My reflection of 2014, though, is much different than past
reflections. Much, much different.
It is, as I told L as the year was winding down, the first
year that I have not looked back and had regrets over things that had happened.
It was the first time where, shortly before the clock struck midnight, I was
not filled with a sense of relief that the year was over.
It was a good year.
It was a very good year.
It was one of the best years for L and I. If you have
followed the blog from the beginning, you have seen posts where we have alluded
to our lives as being on top of “shit mountain”; so firmly on top at times that
we wondered when we could come back down. We struggled with issues and
situations both inside and outside of our control, and all along the way,
through the good or bad, we embraced our D/s dynamics as a way to survive it.
Even that had its falterings. I was not always a good Dom and L was not always
a good sub.
But 2014..2014 was way different. We had some struggles, but
they were just regular day to day struggles…job changes, financial problems,
worrying over how the kids were doing in school…they were simply the regular
struggles that couples and families all across the world change. And, like
regular couples, we worked through them, and we worked through them quite well.

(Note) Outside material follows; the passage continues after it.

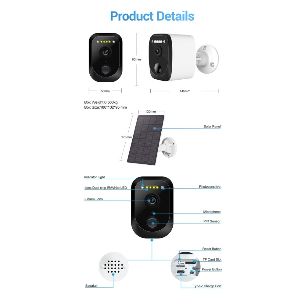 ESCAM QF370 3MP WiFi Kamera PIR Night Vision IP - kamera solpanel
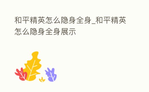 和平精英怎么隱身全身_和平精英怎么隱身全身展示

Sometimes we worked through them using the D/s dynamics, other times we just
did what other high-functioning and well-matched couples do. We had a couple of
arguments…hey, no one’s perfect..
But, still…
It was a good year.
It was a very good year.
After what seemed like a life time on top of shit mountain,
L and I removed ourselves off of it completely. Then, once we were off, we
threw a stick of dynamite at it and blew that motherfucker up.